特に、この6月に改正された労働安全衛生法により、企業のメンタルヘルス対策として、労働者を対象とした医師などによる年1回のストレスチェックが義務化されました。以前にも増して、体系的な対応が求められることになります(平成27年12月までに施行予定。当分の間、社員数50人未満の事業場は努力義務)。
健康診断の実施
秋に健康診断を実施する事業所では、速やかに進められるよう、その要領について社員に周知徹底し、当日都合がつかない社員には別の受診日を設定し、受診漏れが発生しないように努めなければなりません。また、再検査などの診断結果が出た社員に対しては、確実な受診を促すことも大切です。
なお、健康診断個人票は5年の保存が義務づけられています。重要な個人情報なので、その管理にも気を配る必要があります。
冬季賞与の資料・情報の収集
冬季賞与を支給する予定の会社は、検討にあたっての資料・情報の収集を始めたい時期です。各種媒体のほか、商工会議所や同業組合、取引銀行の経営相談所などの資料・情報で、地域や業界の相場を調べておきましょう。

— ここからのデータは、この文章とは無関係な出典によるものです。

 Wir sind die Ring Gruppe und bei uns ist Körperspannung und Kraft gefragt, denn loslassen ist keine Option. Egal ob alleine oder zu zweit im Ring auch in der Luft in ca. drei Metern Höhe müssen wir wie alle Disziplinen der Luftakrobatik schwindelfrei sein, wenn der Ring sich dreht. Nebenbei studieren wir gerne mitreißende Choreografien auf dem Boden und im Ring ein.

また、支給原資についても早めに確認し、売掛金の回収を強化するなど、資金確保の方法を検討しておきます。
年末商戦の人手の確保
毎年、パートやアルバイトの力を借りて、年末の繁忙期を乗り切っている会社も多いと思われます。厚生労働省が四半期ごとに実施している労働経済動向調査によれば、依然として、正社員等労働者、パートタイム労働者とも「不足」という状況が続いています(平成26年8月・労働者過不足判断指数)。
必要な人数を確保するには、早めの手配を心がけましょう。
延納を申請した場合の労働保険料第2期分の納付
労働保険の概算保険料は一括納付が原則ですが、年度更新の際に延納の申請をすることにより、3期に分割して納付できます。10月31日は、その第2期分の納付期限です。所轄の労働局から納付書が送られてきますので、内容を確認し、期日までに納付しましょう。

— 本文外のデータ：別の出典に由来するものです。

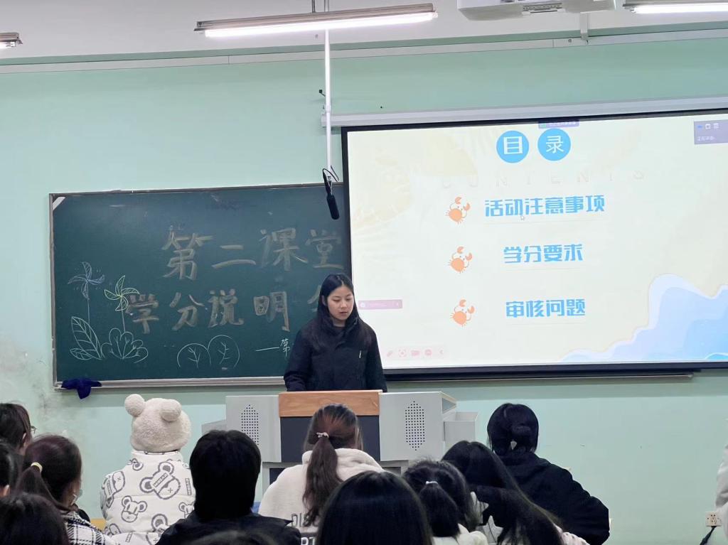 为充分发挥“第二课堂”在人才培养中的重要作用,3月14日,beat·365在通明楼108教室召开以“深化第二课堂,助力学风建设”为主题的第二课堂成绩单说明会。本次大会由beat·365第二课堂管理部相关负责同学主讲,全体本科生班级学习委员参会。

ちなみに、第3期分の納付期限は2015年1月末日です。
労働者死傷病(軽度)報告の提出
7月~9月の3カ月間に発生した業務中の軽度の事故や疾病により、社員が3日以下の休業をしたときは、10月31日までに労働者死傷病(軽度)報告を管轄の労働基準監督署に提出する必要があります。
なお、4日以上の休業が発生した場合には、その都度労働基準監督署に報告しなければなりません。